> **Recorded data**:

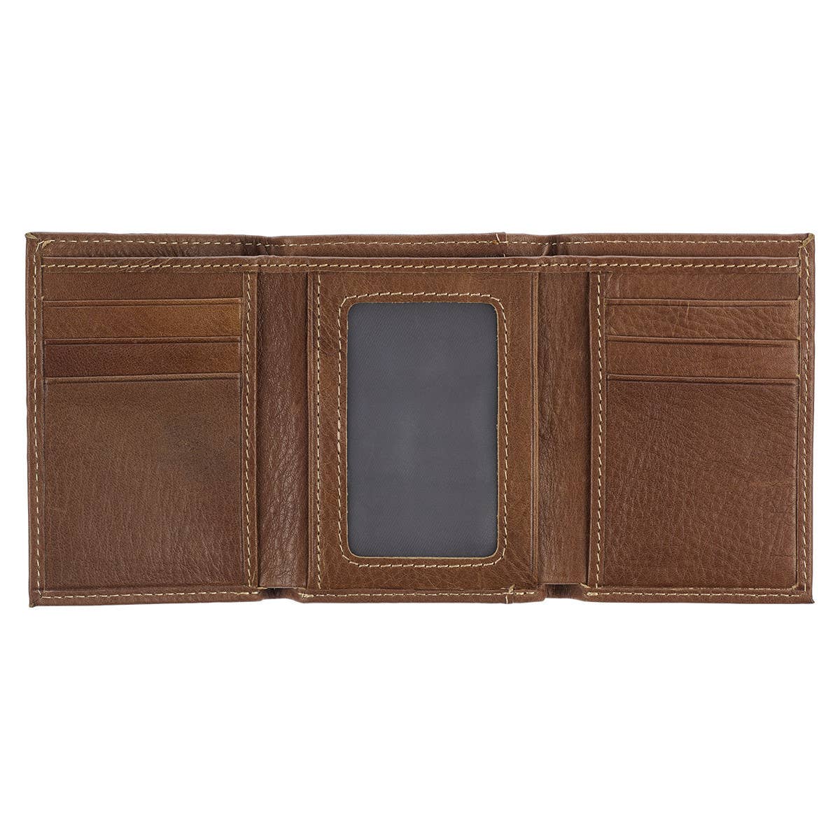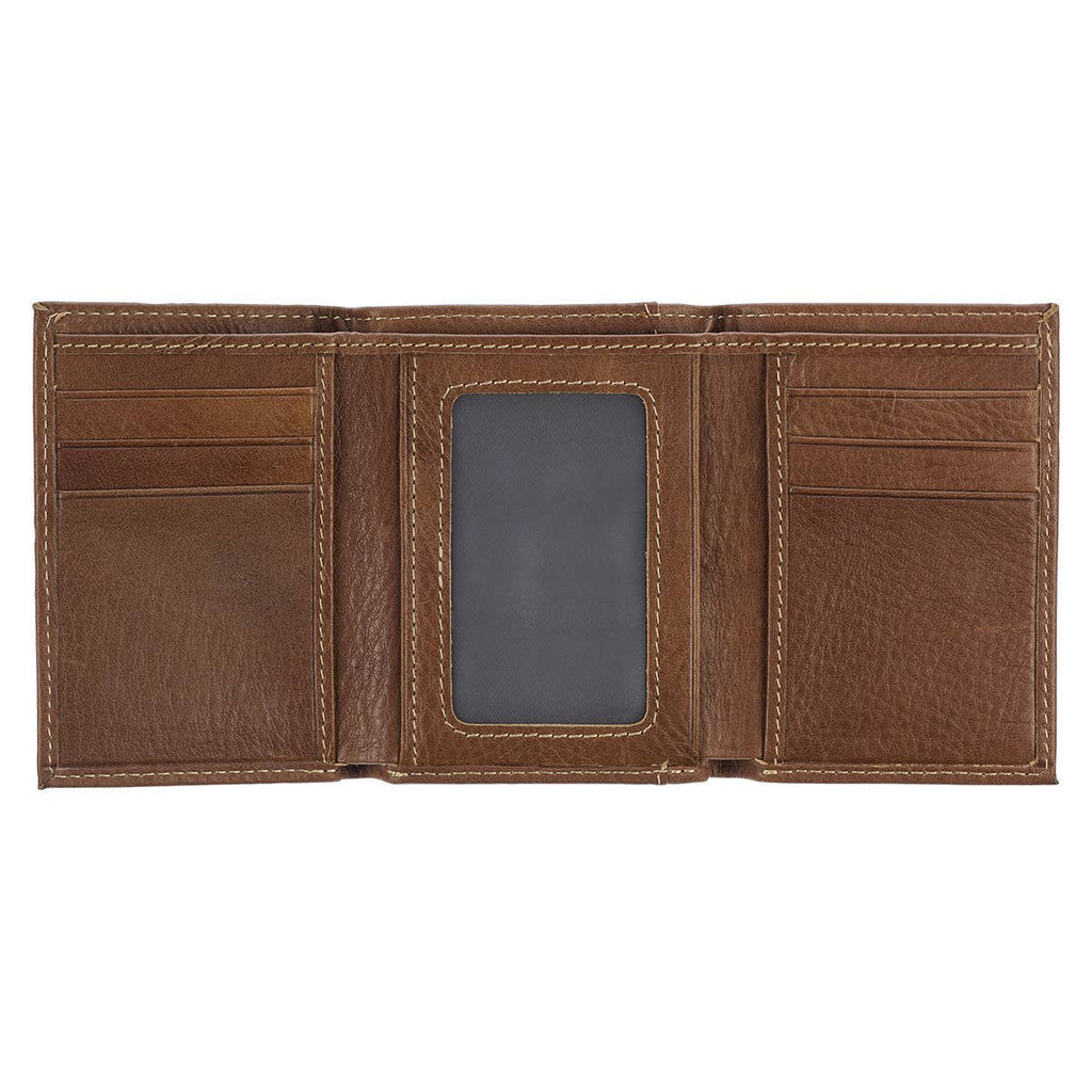Brown design with an ichthus fish brass badge, Genuine leather, Topstitched, Trifold, Back slip pocket, 2-section billfold, 2 interior multi-purpose slip pockets, 6 interior credit card slots, RFID-blocking technology, See Leather Care Guide for maintenance, Wipe with a damp cloth to clean, Packaged in a gift box, Wallet Size: 4.3” x 3.3” x 0.9” (109 x 84 x 23mm) Gift Box Dimensions: 5.2” x 3.9 ” x 1.3” (131 x 100 x 34mm)
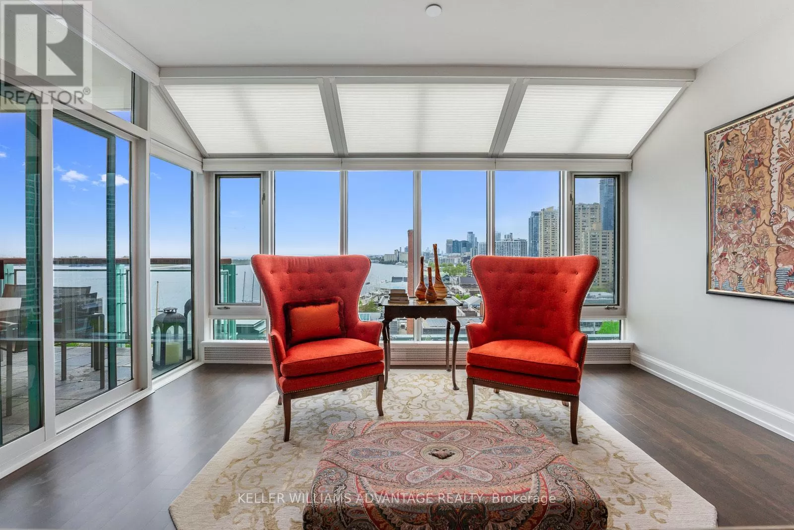 Cross Streets: Queens Quay W & York St. ** Directions: Siri, please take me to 211 Queens Quay West in Toronto!. Welcome to an extraordinary residence where sky, city, and lake converge in a breathtaking panorama. Spanning over 4,000 sq ft across two seamlessly combined suites, this waterfront home redefines luxury living in one of Toronto's most exclusive boutique buildings on Queens Quay. Every room is a front-row seat to awe-inspiring southwest views. Watch the sunrise shimmer over the lake, the sun dip behind the skyline, and yachts glide across the harbour from your soaring floor-to-ceiling windows on one of two private terraces. This is a home that doesn't just offer views, it offers presence. Meticulously reimagined with bespoke finishes and a timeless aesthetic, this four-bedroom + home gym, five-bathroom sanctuary features a custom Scavolini kitchen adorned with Italian ceramic countertops, wide-plank hardwood floors, and spa-inspired bathrooms. The sense of scale and light is unparalleled. Discreet luxury meets five-star convenience with 24-hour concierge, valet service, and a curated suite of amenities. Whether entertaining on a grand scale or enjoying quiet, sunlit mornings, this residence is as versatile as it is striking. Steps from the island airport, the financial core, and the best of downtown, yet utterly removed from the noise. This is more than a home. Its a statement. A rare and remarkable offering that only few will ever call their own. (id:27476)
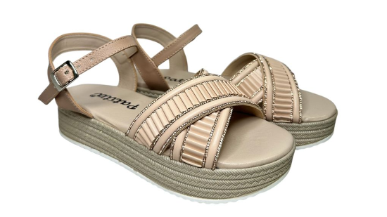 SANDALIA SUELA ALTA, DISEÑO DE FAJAS CRUZADAS PLIZADAS
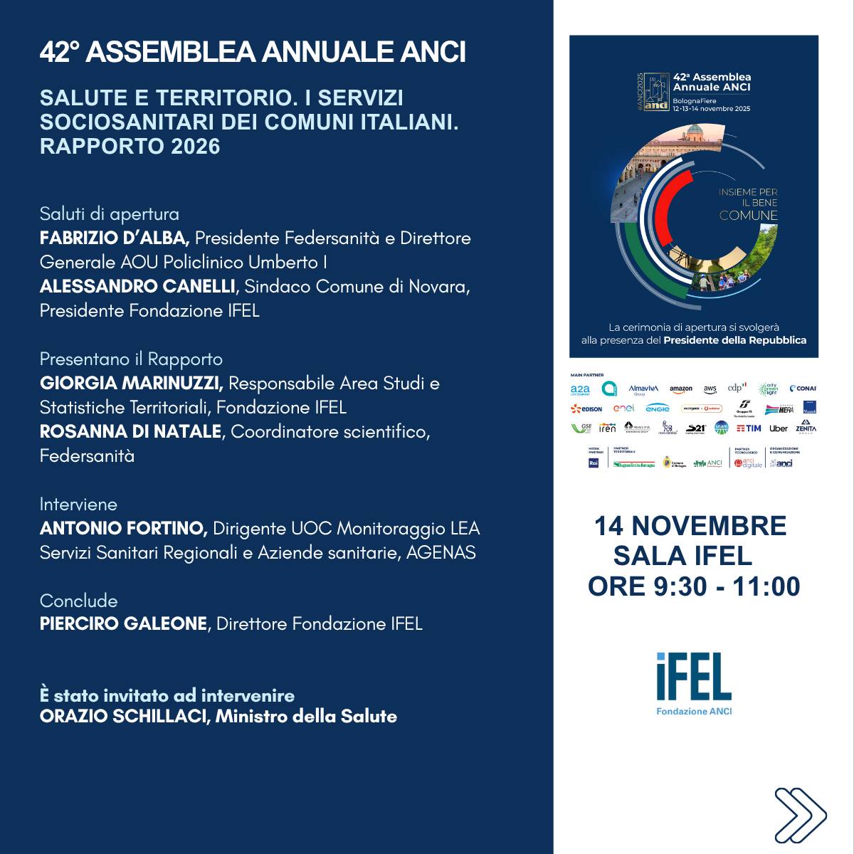 Venerdì 14 novembre 2025 dalle ore 9:30 alle ore 11:00, in occasione della 42ª Assemblea Annuale ANCI, Federsanità e IFEL presentano la quarta edizione del volume “Salute e territorio. I servizi sociosanitari dei comuni italiani”, un importante strumento di analisi e riflessione sul rapporto tra salute, sanità e territorio.

> **Requirement**: Each line from the one containing "SANDALIA SUELA ALTA, DISEÑO" through the last line above should be retyped exactly, and no other line. Any picture is to be left out.

> **Response to this exercise**:
 SANDALIA SUELA ALTA, DISEÑO DE FAJAS CRUZADAS PLIZADAS
 Venerdì 14 novembre 2025 dalle ore 9:30 alle ore 11:00, in occasione della 42ª Assemblea Annuale ANCI, Federsanità e IFEL presentano la quarta edizione del volume “Salute e territorio. I servizi sociosanitari dei comuni italiani”, un importante strumento di analisi e riflessione sul rapporto tra salute, sanità e territorio.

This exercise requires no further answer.